Since a use case for a mongodb replica set is a base for analyses and learning cases (i.e a read-only database), is it possible/advisable to, in a replica set mongodb network, have an instance running on my laptop that will sync when connected to the net and then act as an offline read only set when not?

To put a point on it,

  1. will this replica set be stable when the laptop is put to sleep/opened/etc?
  2. will the intermittent availability of this set jeopardize an otherwise robust replicated database (say, with one primary, two arbiters and always on secondaries)?

Other questions that touch upon this but don't answer it directly (AFAIK) are

In these cases setting the arbiter correctly seems to do the trick, so maybe my crazy idea would work?

Thanks in advance.

Best Answer

Since a use case for a mongodb replica set is a base for analyses and learning cases (i.e a read-only database), is it possible/advisable to, in a replica set mongodb network, have an instance running on my laptop that will sync when connected to the net and then act as an offline read only set when not?

This configuration is possible, but generally not advisible.

1) will this replica set be stable when the laptop is put to sleep/opened/etc?

The normal rules for fault tolerance apply, so assuming your replica set has a majority of configured voting members available it's fine for one or more members to go offline.

The replica set node on your laptop will also still be usable as a readonly secondary (assuming you use a secondary read preference with your driver or rs.slaveOk() in the mongo shell).

2) will the intermittent availability of this set jeopardize an otherwise robust replicated database (say, with one primary, two arbiters and always on secondaries)?

This is where the approach heads into "not advisible" territory. In theory you can get a workable configuration with a core of stable voting members in your replica set configuration plus your laptop configured as a hidden, non-voting secondary.

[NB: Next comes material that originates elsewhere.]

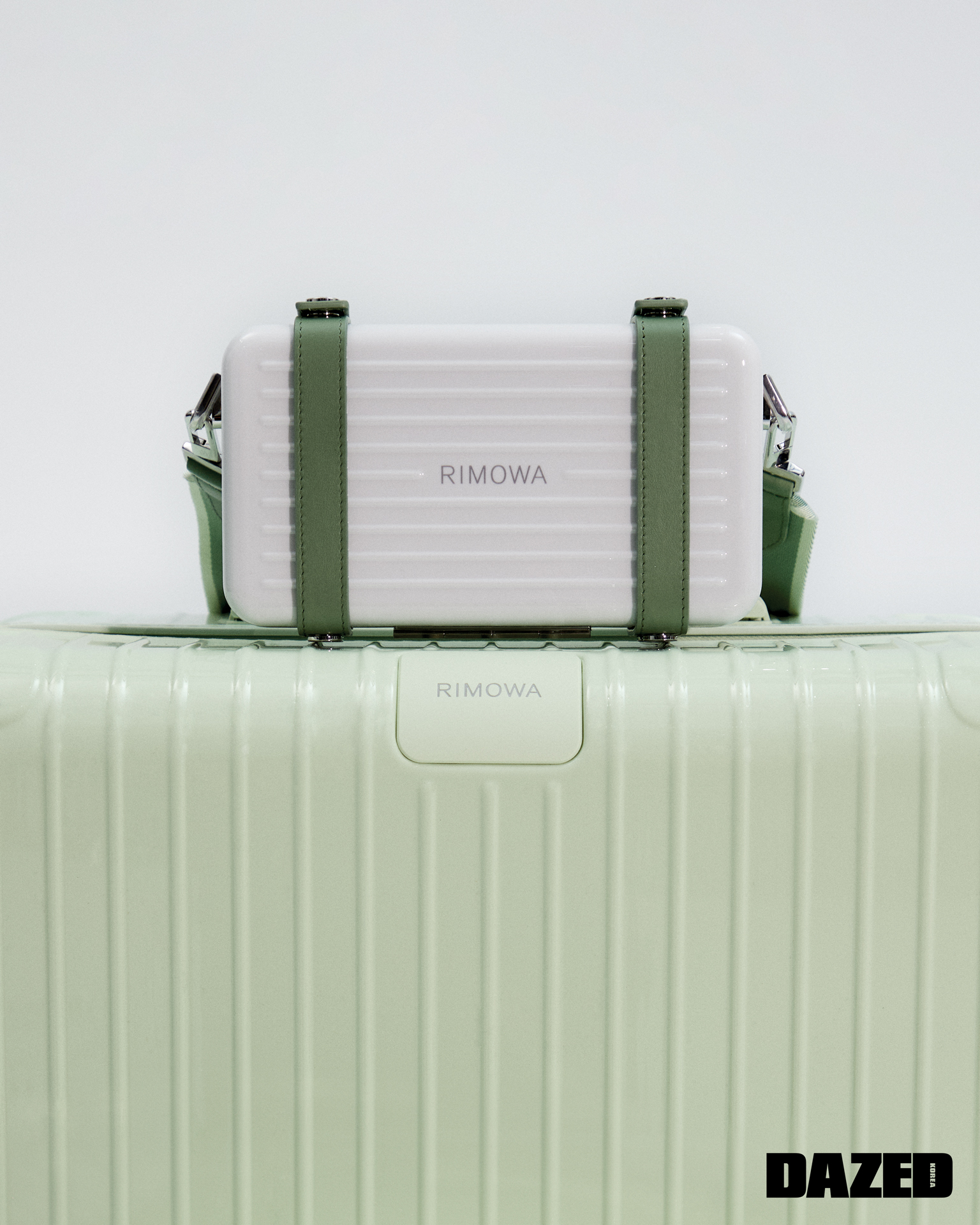 민트 컬러의 퍼스널 폴리카보네이트 크로스보디 백과 민트 컬러의 에센셜 체크-인 L 사이즈 슈트케이스는 모두 리모와(RIMOWA).

However, there are a number of caveats to consider:

  • All replica set members need to be visible to each other via the same details as configured in your replica set configuration (hostnames and ports). You need to ensure your laptop knows what its expected hostname should be (otherwise it may not be able to find itself in the replica set config) and you need to consider how all the members will securely communicate with each other (eg. VPN).
  • Replica set members will be noisy about failed communication with unavailable members so you may have a lot of log noise that could potentially mask real networking problems.
  • If you fudge hostname resolution (eg. by editing /etc/hosts) it's very easy to introduce typos or forget to include this when updating or adding other members in the replica set.
  • If your laptop has incomplete or conflicting views of the network connectivity to other members, this may cause issues with elections/failover depending on your version of MongoDB and how you have configured your replica set.
  • Depending on the write activity for your replica set and how long your laptop remains offline, the laptop rejoining may cause noticeable load when catching up on old data that isn't in the current working set.
  • If your laptop remains offline for too long, it may require a full resync if there are no longer any oplog (operations log) entries in common with another member of the replica set.

Recommended approaches

1) Setup a hidden secondary in your hosted environment, instead.

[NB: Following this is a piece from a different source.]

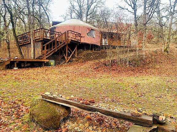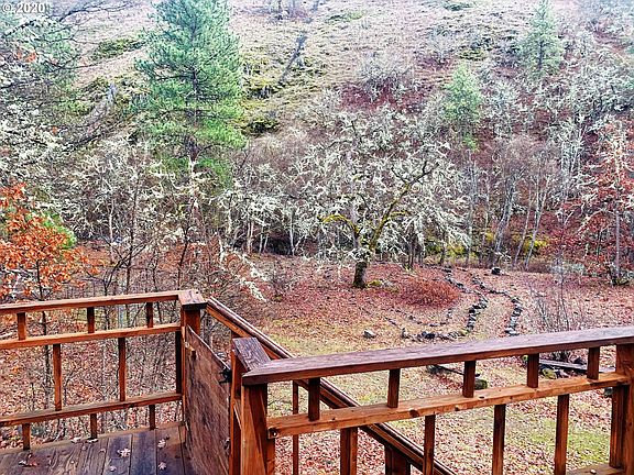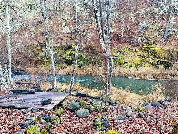 Perfect get away just 19 miles North from HWY 14 at Lyle. This is a great set up along the beautiful Little Klickitat River with approx. 420' low bank frontage. Get cozy in your 24'Pacific Yurt with heating and air conditioning! And you can bring your friends to stay in your separate guest quarters above with a private 1/2 Bath. Gaze across the river from your porch up at the Canyon... everything the light touches is yours, clear to the top. No true Master, yurt is really studio style.

2) If you really want a locally replicated copy and your replica set environment is anything other than development, I would suggest an alternative approach that sidesteps some of the potential issues with networking and visibility: you could consider using Mongo Connector. This is not an officially supported tool, but what it provides is replication-like behaviour to one or more target systems. It also doesn't remove caveats about possibly adding additional load or requiring a resync. For more background, see: Mongo Connector - Usage with MongoDB.

an otherwise robust replicated database (say, with one primary, two arbiters and always on secondaries)?

FYI, you should only have zero or one arbiter. The arbiter is a member that only exists to potentially cast a tie-breaking vote where you have an even number of voting replica set members. The presence of one (or especially more than one!) arbiter already compromises robustness in the event of failover. An arbiter helps with voting majority but cannot contribute to write majority -- this leads to asymmetric failover scenarios. For example, in a Primary-Secondary-Arbiter configuration if either data bearing node fails you will still have a Primary but no longer have active replication or an ability to acknowledge more than a w:1 write concern.